*Extracted data*.
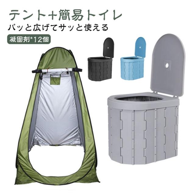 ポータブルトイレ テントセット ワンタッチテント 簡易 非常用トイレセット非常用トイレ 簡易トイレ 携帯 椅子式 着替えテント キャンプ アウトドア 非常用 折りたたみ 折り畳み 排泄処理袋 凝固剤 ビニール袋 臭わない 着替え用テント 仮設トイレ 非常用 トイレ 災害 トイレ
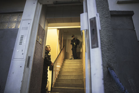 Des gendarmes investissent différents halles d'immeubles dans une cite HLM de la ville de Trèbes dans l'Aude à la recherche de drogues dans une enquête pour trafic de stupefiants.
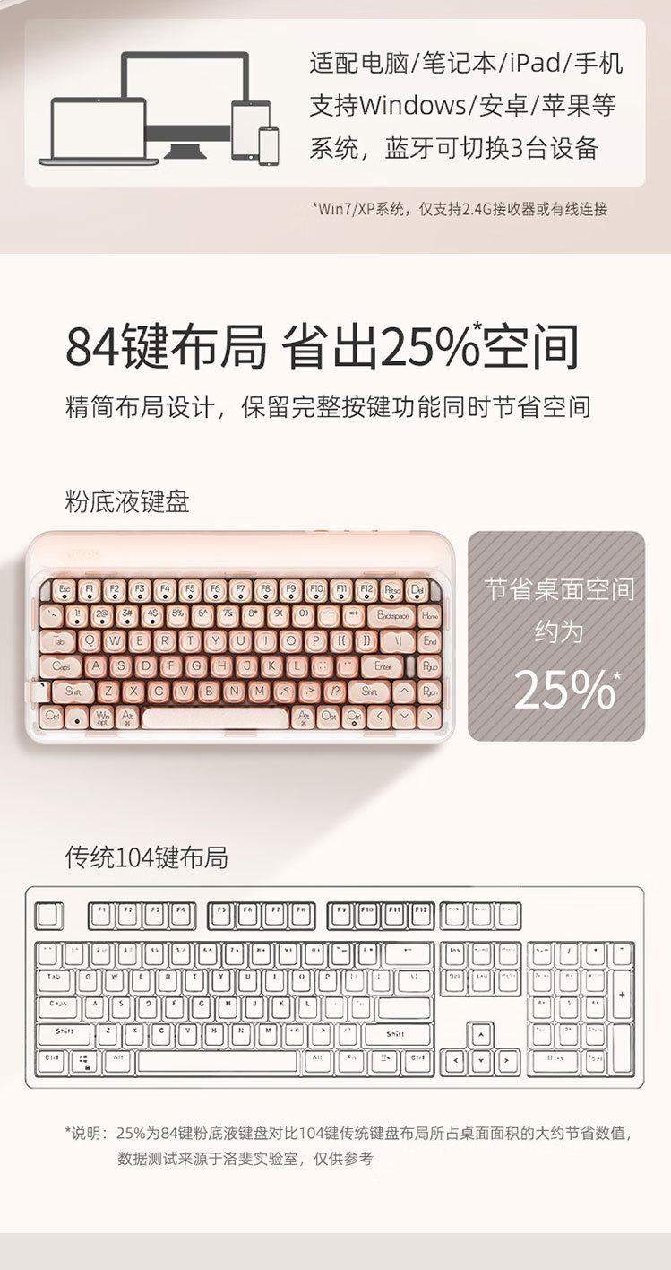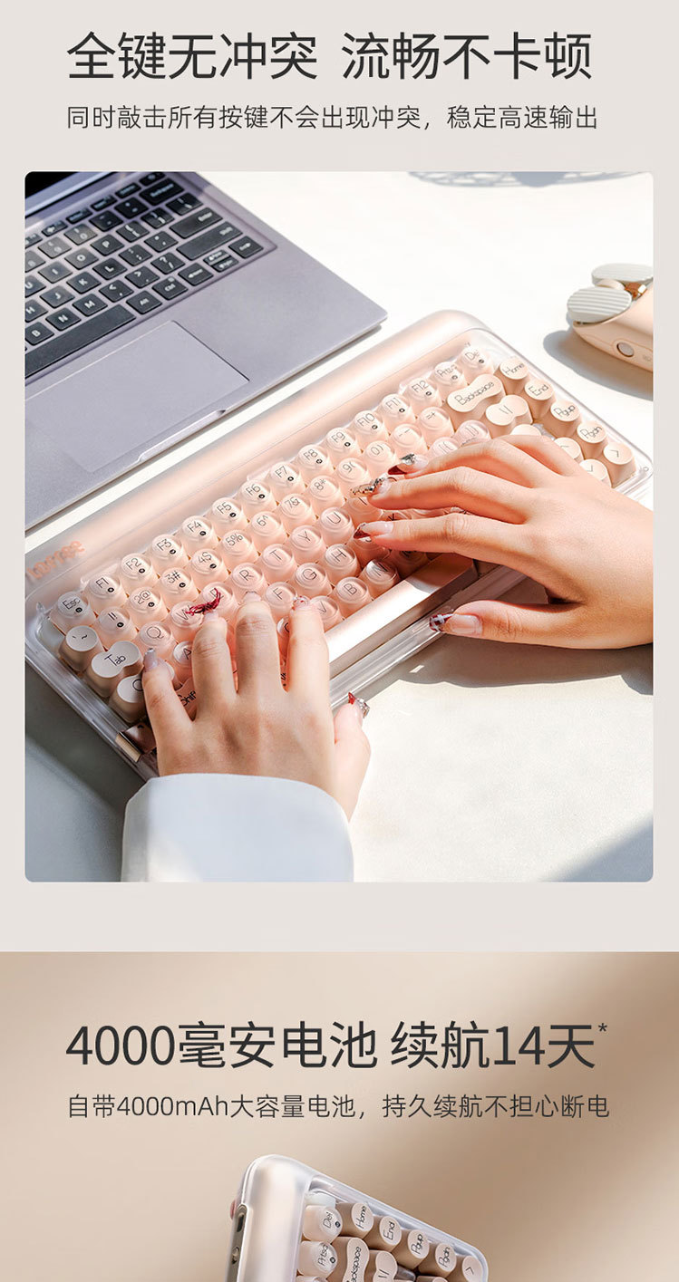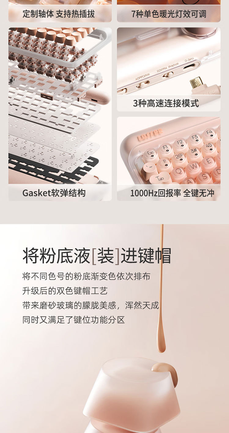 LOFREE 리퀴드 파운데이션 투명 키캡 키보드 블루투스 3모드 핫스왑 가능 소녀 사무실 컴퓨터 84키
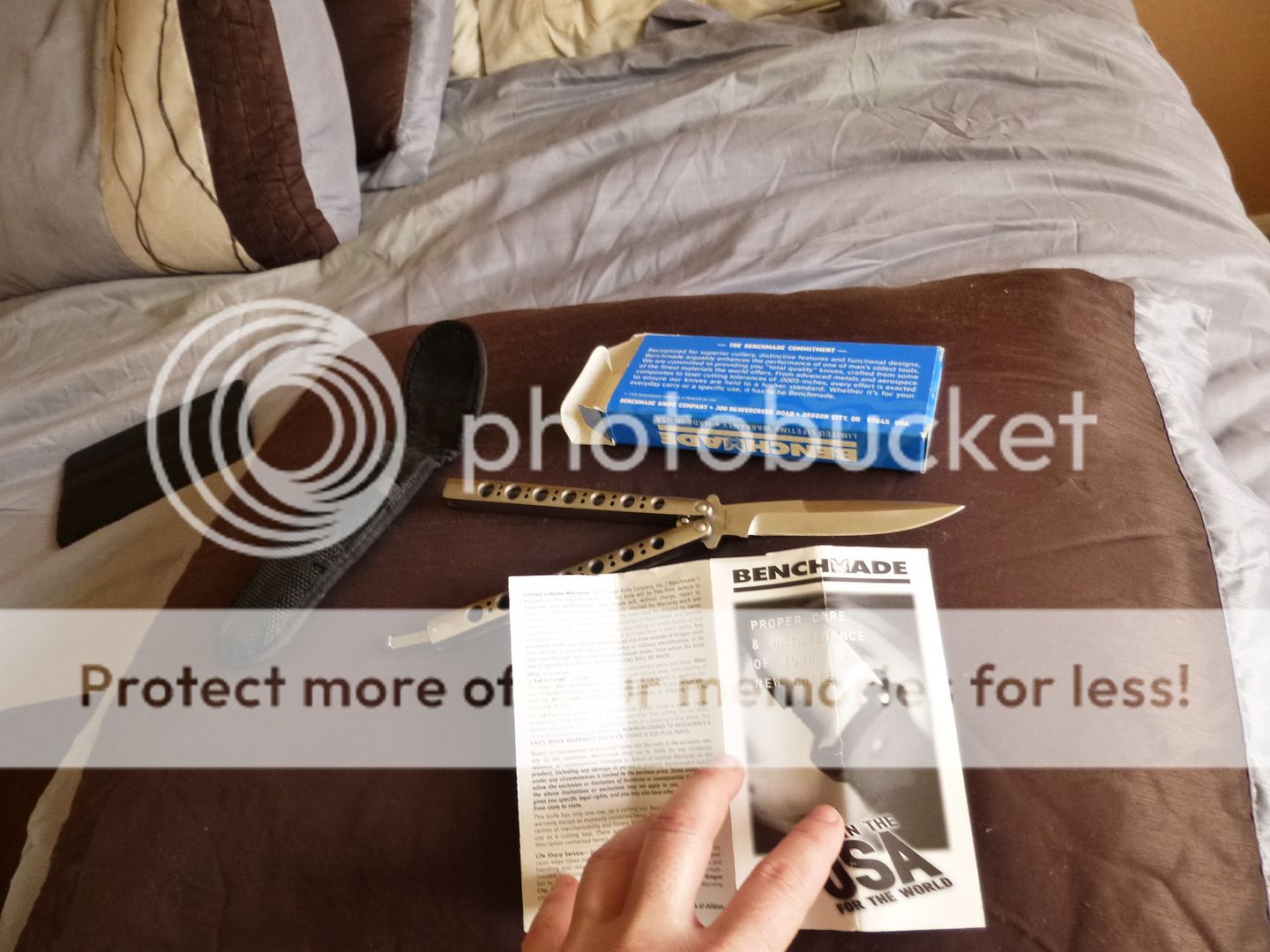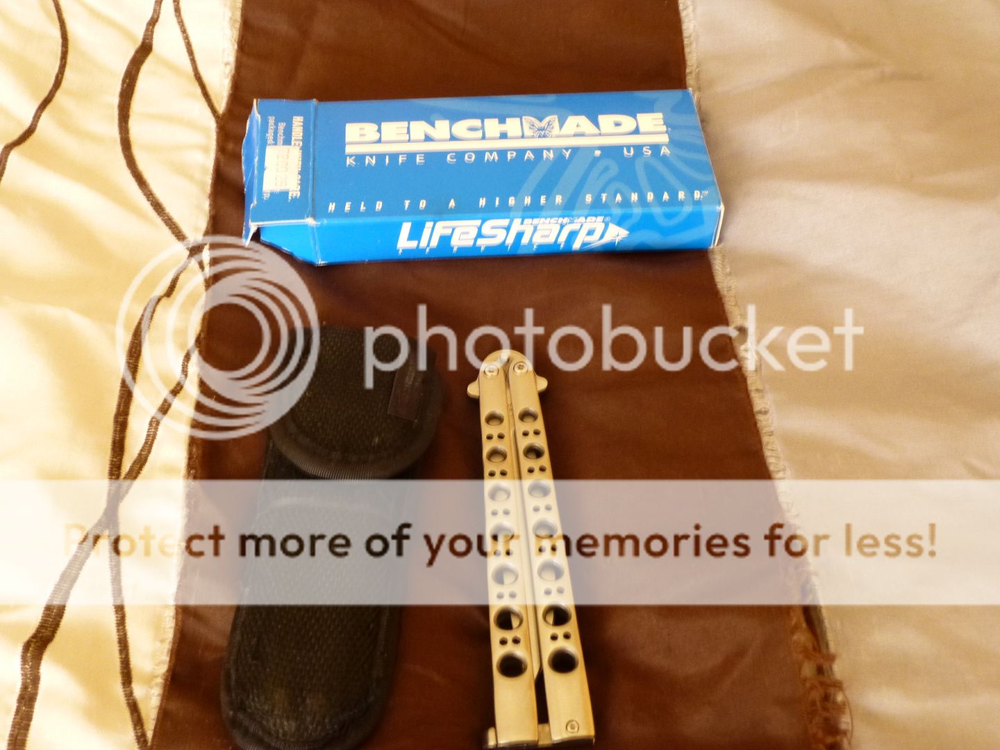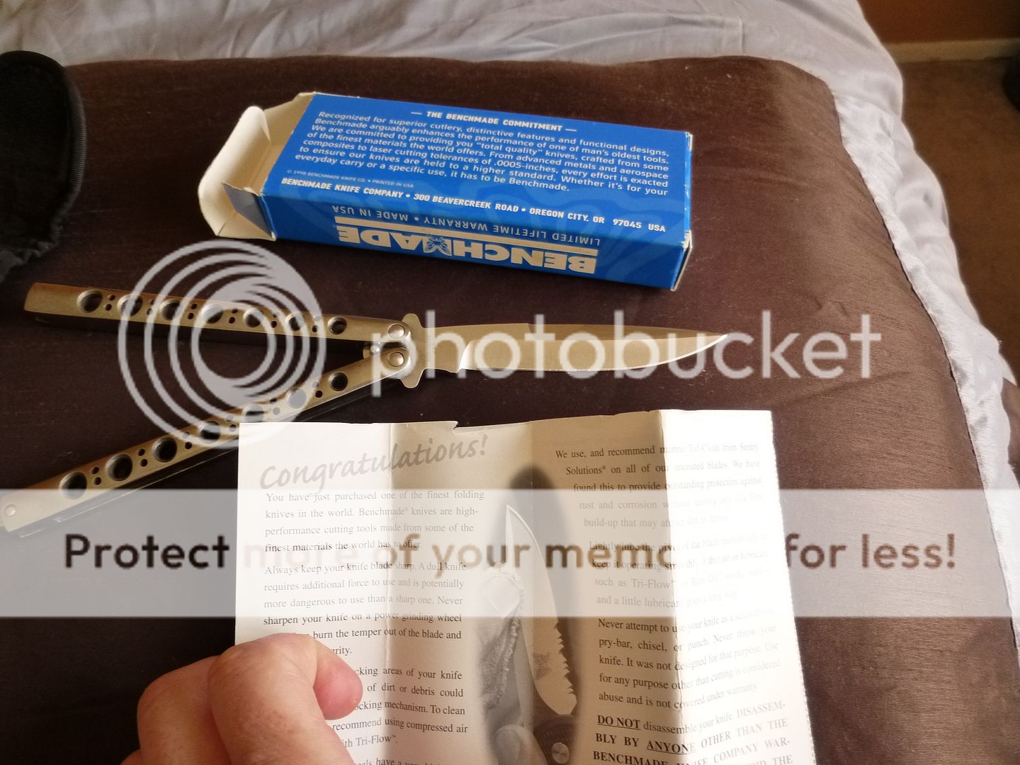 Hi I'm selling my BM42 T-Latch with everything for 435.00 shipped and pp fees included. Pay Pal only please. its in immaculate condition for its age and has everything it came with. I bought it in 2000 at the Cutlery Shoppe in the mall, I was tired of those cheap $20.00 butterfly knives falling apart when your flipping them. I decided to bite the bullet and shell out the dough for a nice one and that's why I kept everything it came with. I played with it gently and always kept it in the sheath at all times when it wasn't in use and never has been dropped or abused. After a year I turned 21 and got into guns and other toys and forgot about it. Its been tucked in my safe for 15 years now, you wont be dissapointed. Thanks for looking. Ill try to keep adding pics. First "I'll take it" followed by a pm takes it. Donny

...

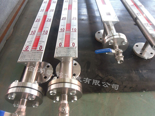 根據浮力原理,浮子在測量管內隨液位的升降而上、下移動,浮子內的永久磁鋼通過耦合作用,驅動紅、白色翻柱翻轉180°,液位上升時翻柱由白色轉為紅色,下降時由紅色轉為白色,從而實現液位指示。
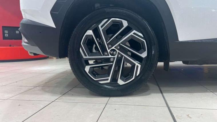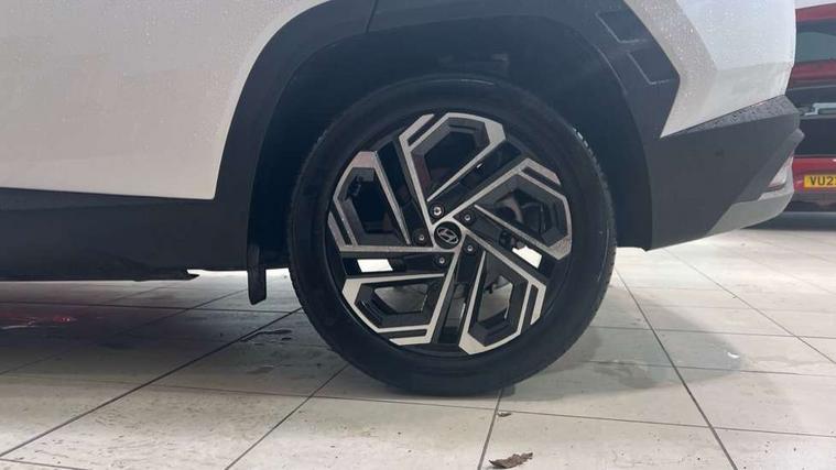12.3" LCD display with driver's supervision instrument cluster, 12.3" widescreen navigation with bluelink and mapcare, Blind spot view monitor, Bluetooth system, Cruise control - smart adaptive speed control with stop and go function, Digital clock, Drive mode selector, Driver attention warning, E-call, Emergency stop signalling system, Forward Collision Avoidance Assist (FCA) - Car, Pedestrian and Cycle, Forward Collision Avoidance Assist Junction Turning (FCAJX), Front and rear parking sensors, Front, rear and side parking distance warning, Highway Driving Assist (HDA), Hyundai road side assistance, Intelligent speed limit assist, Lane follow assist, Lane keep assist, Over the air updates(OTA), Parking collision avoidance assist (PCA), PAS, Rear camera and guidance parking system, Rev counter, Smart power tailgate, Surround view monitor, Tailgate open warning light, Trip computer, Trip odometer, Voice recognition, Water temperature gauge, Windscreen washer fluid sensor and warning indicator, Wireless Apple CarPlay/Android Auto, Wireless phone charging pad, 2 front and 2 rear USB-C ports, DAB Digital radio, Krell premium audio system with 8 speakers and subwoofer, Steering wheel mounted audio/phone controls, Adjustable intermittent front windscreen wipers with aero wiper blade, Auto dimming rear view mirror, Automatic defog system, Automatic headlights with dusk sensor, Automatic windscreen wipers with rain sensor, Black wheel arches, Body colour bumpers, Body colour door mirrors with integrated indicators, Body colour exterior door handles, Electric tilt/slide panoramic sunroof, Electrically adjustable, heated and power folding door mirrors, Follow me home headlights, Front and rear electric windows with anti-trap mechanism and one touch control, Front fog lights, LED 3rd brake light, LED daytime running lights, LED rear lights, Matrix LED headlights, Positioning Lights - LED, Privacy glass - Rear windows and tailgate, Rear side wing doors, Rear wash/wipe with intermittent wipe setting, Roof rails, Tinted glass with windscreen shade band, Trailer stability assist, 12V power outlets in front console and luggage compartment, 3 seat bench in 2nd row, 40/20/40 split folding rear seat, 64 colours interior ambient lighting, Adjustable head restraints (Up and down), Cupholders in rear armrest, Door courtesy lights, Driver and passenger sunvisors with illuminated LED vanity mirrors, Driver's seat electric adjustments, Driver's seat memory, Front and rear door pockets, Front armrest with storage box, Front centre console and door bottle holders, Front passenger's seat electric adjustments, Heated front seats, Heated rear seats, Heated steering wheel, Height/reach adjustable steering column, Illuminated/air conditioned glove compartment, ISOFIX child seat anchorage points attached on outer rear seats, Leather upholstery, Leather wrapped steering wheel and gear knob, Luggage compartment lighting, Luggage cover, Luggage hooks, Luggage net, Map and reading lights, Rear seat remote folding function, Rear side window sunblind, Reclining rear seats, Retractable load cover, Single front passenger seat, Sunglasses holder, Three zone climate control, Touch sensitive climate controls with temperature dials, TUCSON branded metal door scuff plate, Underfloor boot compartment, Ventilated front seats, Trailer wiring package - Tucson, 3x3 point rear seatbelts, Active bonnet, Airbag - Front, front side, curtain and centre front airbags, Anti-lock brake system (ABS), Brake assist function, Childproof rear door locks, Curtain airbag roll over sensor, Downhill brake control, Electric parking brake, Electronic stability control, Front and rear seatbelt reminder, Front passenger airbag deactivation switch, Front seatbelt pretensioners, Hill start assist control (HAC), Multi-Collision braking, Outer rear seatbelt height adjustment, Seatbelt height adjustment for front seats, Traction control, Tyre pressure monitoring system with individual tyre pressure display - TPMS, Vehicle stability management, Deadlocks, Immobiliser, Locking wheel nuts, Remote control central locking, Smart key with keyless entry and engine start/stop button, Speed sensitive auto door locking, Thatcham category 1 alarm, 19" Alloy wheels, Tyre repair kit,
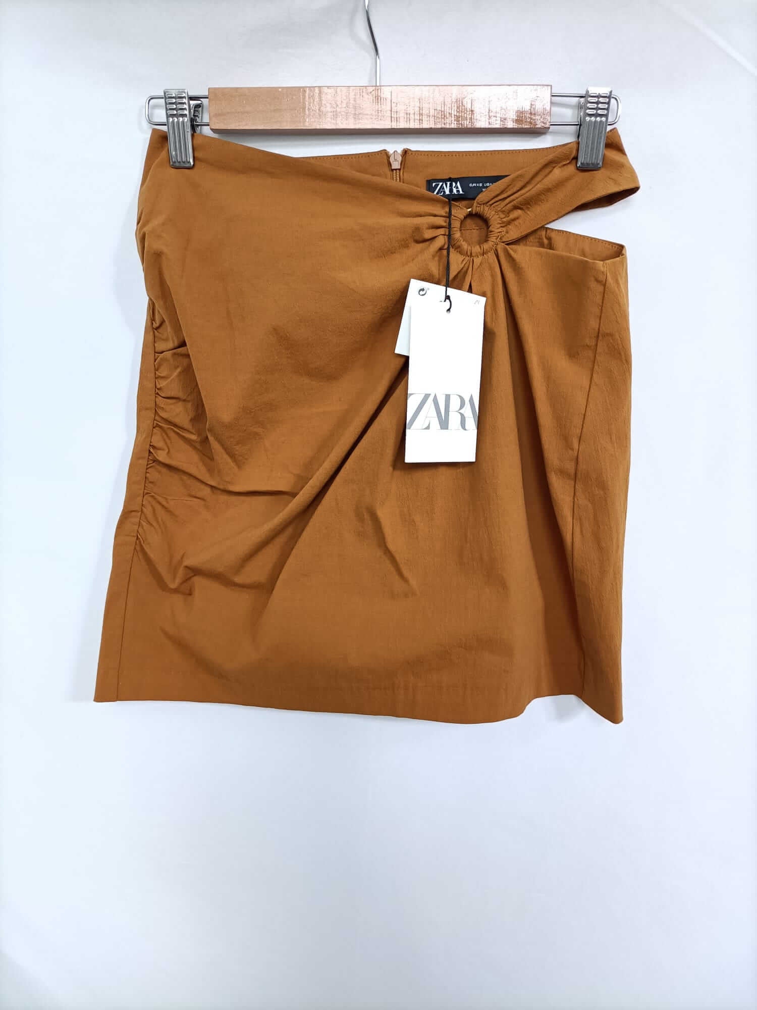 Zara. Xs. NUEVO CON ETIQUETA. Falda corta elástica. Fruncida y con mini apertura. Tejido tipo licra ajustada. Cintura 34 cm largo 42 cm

*Problem*.
Among the entries above, find the line with "Des gendarmes investissent" and repeat exactly from there through the line with "LOFREE 리퀴드 파운데이션", leaving out the pictures.

*Output*.
 Des gendarmes investissent différents halles d'immeubles dans une cite HLM de la ville de Trèbes dans l'Aude à la recherche de drogues dans une enquête pour trafic de stupefiants.
 LOFREE 리퀴드 파운데이션 투명 키캡 키보드 블루투스 3모드 핫스왑 가능 소녀 사무실 컴퓨터 84키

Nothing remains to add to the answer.